**Records drawn from a dataset**
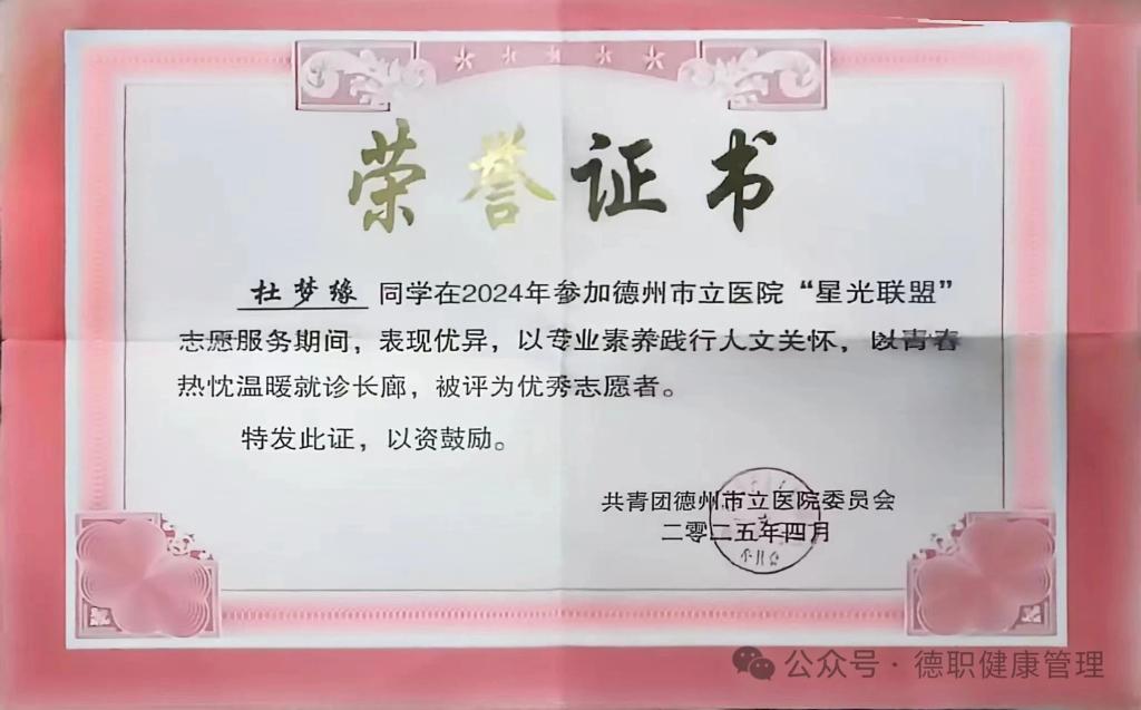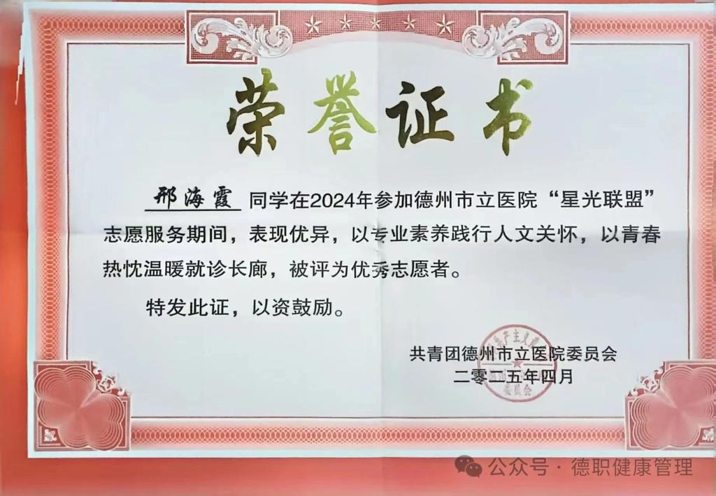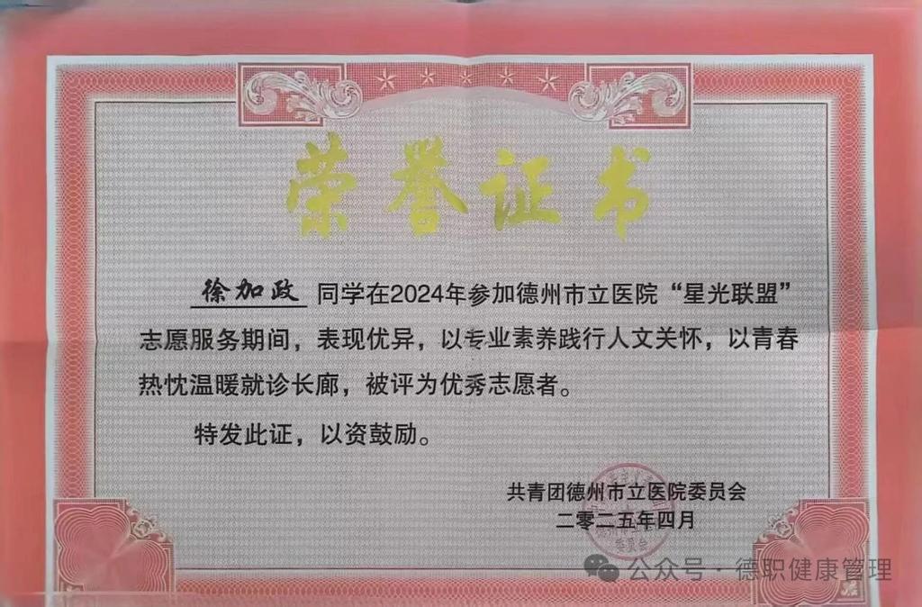 这份荣誉不仅是对志愿者个人付出的高度认可,更是对“奉献、友爱、互助、进步”志愿精神的生动诠释。诸侯快讯ok1122未来将持续深化与德州市市立医院的合作,拓展志愿服务内容,优化管理模式,让更多青年学子在服务社会中锤炼本领、收获成长,用实际行动书写新时代的青春答卷。
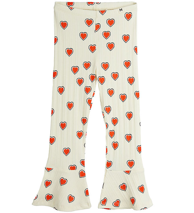 Mini Rodini Bukser - Rib - Offwhite m. Hjerter
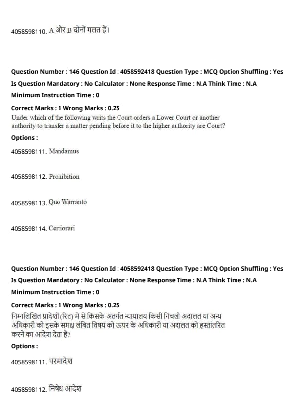 % Adds space above the quicktip box Quick Tip: The five types of writs in India are Habeas Corpus, Mandamus, Prohibition, Certiorari, and Quo Warranto. Certiorari is the only writ used to transfer cases from a lower court to a higher court.
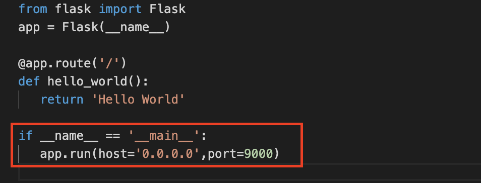 在项目目录下,新建 app.py 文件,用于实现 Hello World 应用,示例代码如下:from flask import Flaskapp = Flask(__name__)@app.route('/')def hello_world():return 'Hello World'if __name__ == '__main__':app.run()
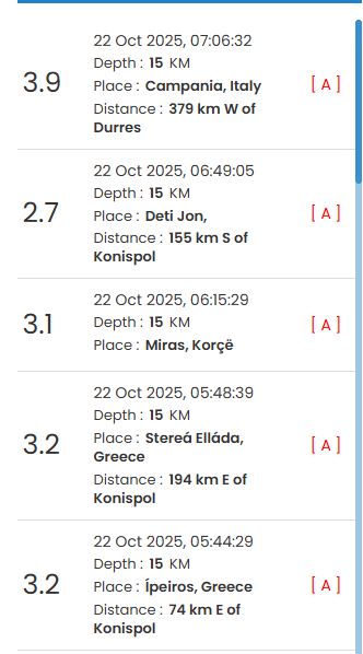Ndërkohë, në jug, në Konispol, janë regjistruar 3 lëkundje sizmike.
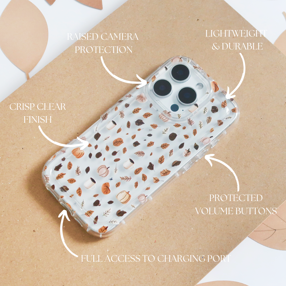 Our Clear Phone Case – Pumpkin Latte is a cosy little nod to everyone’s favourite seasonal treat. With a sweet pumpkin latte design in warm, spiced tones, it’s like wrapping your phone in a knitted jumper.

**PROBLEM TO SOLVE**
Could the entries above be printed again exactly, apart from the pictures?

**EXERCISE SOLUTION**
 这份荣誉不仅是对志愿者个人付出的高度认可,更是对“奉献、友爱、互助、进步”志愿精神的生动诠释。诸侯快讯ok1122未来将持续深化与德州市市立医院的合作,拓展志愿服务内容,优化管理模式,让更多青年学子在服务社会中锤炼本领、收获成长,用实际行动书写新时代的青春答卷。
 Mini Rodini Bukser - Rib - Offwhite m. Hjerter
 % Adds space above the quicktip box Quick Tip: The five types of writs in India are Habeas Corpus, Mandamus, Prohibition, Certiorari, and Quo Warranto. Certiorari is the only writ used to transfer cases from a lower court to a higher court.
 在项目目录下,新建 app.py 文件,用于实现 Hello World 应用,示例代码如下:from flask import Flaskapp = Flask(__name__)@app.route('/')def hello_world():return 'Hello World'if __name__ == '__main__':app.run()
Ndërkohë, në jug, në Konispol, janë regjistruar 3 lëkundje sizmike.
 Our Clear Phone Case – Pumpkin Latte is a cosy little nod to everyone’s favourite seasonal treat. With a sweet pumpkin latte design in warm, spiced tones, it’s like wrapping your phone in a knitted jumper.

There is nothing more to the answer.